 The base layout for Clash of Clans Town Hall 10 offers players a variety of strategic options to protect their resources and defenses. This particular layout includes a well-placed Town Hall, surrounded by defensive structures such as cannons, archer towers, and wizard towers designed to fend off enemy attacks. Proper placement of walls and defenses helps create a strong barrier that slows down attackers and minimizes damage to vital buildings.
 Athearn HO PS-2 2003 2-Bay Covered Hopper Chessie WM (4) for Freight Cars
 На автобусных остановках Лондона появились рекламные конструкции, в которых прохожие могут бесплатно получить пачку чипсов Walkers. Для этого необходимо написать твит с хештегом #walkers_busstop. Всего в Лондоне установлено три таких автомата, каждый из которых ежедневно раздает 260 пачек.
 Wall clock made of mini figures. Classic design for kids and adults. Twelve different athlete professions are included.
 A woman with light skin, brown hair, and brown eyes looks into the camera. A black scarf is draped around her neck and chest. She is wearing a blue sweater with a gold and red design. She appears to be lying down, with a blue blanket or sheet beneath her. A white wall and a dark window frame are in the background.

--- --- ---

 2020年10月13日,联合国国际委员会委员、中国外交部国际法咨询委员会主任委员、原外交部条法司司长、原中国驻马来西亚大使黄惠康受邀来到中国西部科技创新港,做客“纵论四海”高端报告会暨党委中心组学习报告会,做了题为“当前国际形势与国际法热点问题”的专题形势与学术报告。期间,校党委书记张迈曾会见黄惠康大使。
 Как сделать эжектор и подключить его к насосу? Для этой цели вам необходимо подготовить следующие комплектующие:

--- --- ---

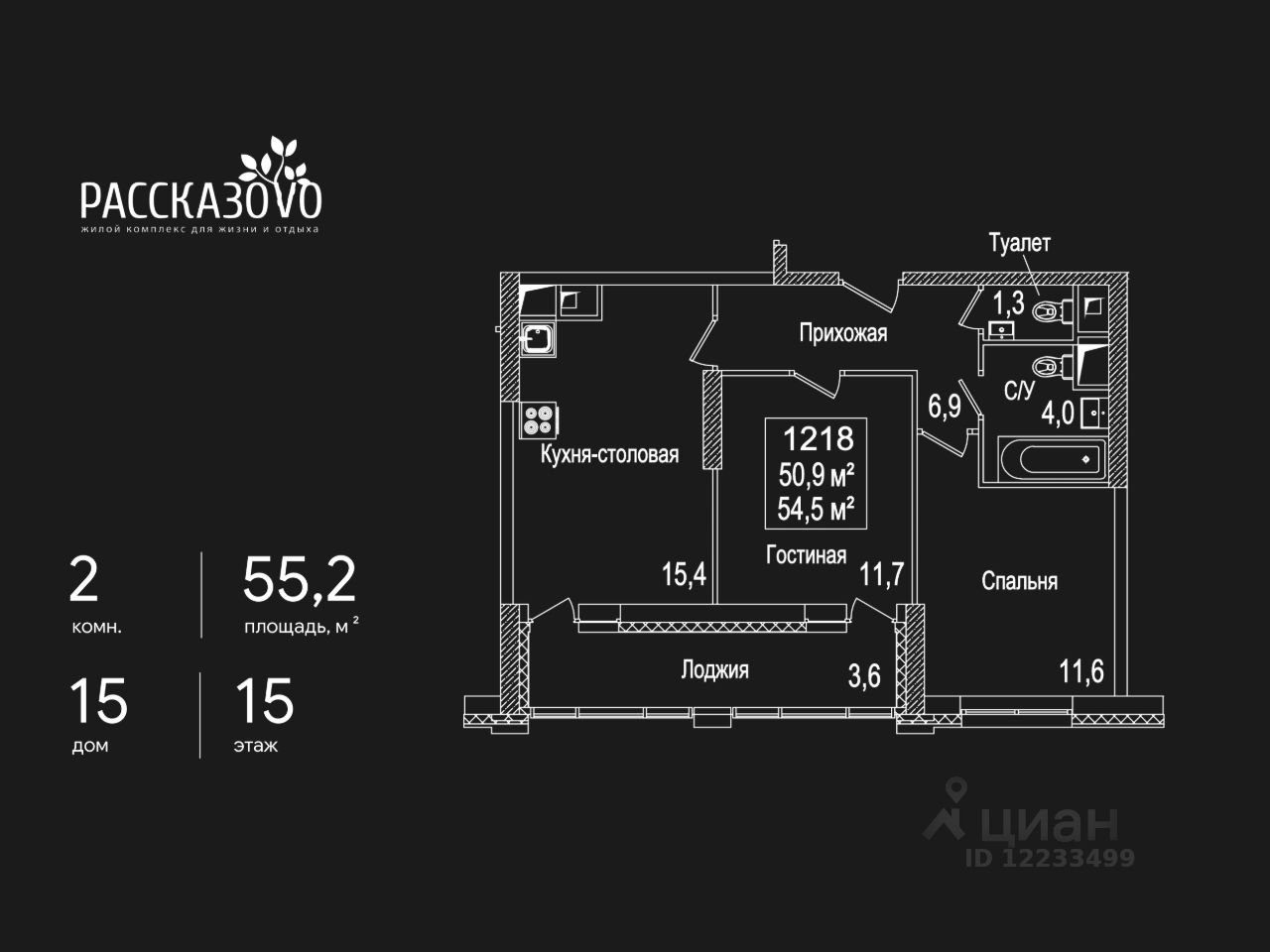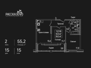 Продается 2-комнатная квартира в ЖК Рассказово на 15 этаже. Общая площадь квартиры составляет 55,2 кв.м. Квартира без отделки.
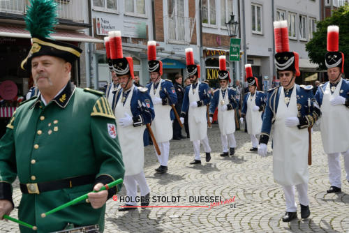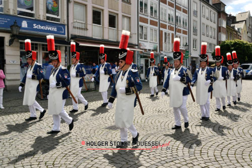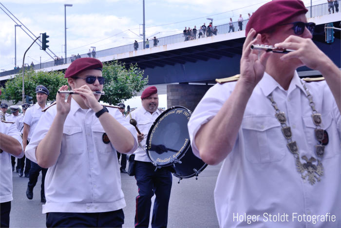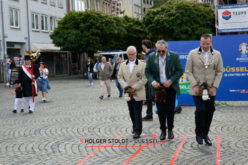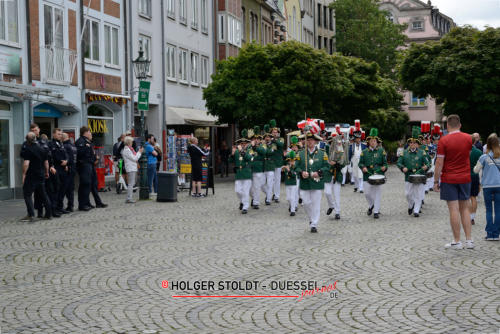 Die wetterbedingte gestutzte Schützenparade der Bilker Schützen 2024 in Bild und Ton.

--- --- ---

▸ **Problem to solve**
All that should be written out is the stretch of lines above between the one holding "Athearn HO PS-2" and the one holding "A woman with", inclusive, exactly as given.

▸ **Exercise solution**
 Athearn HO PS-2 2003 2-Bay Covered Hopper Chessie WM (4) for Freight Cars
 На автобусных остановках Лондона появились рекламные конструкции, в которых прохожие могут бесплатно получить пачку чипсов Walkers. Для этого необходимо написать твит с хештегом #walkers_busstop. Всего в Лондоне установлено три таких автомата, каждый из которых ежедневно раздает 260 пачек.
 Wall clock made of mini figures. Classic design for kids and adults. Twelve different athlete professions are included.
 A woman with light skin, brown hair, and brown eyes looks into the camera. A black scarf is draped around her neck and chest. She is wearing a blue sweater with a gold and red design. She appears to be lying down, with a blue blanket or sheet beneath her. A white wall and a dark window frame are in the background.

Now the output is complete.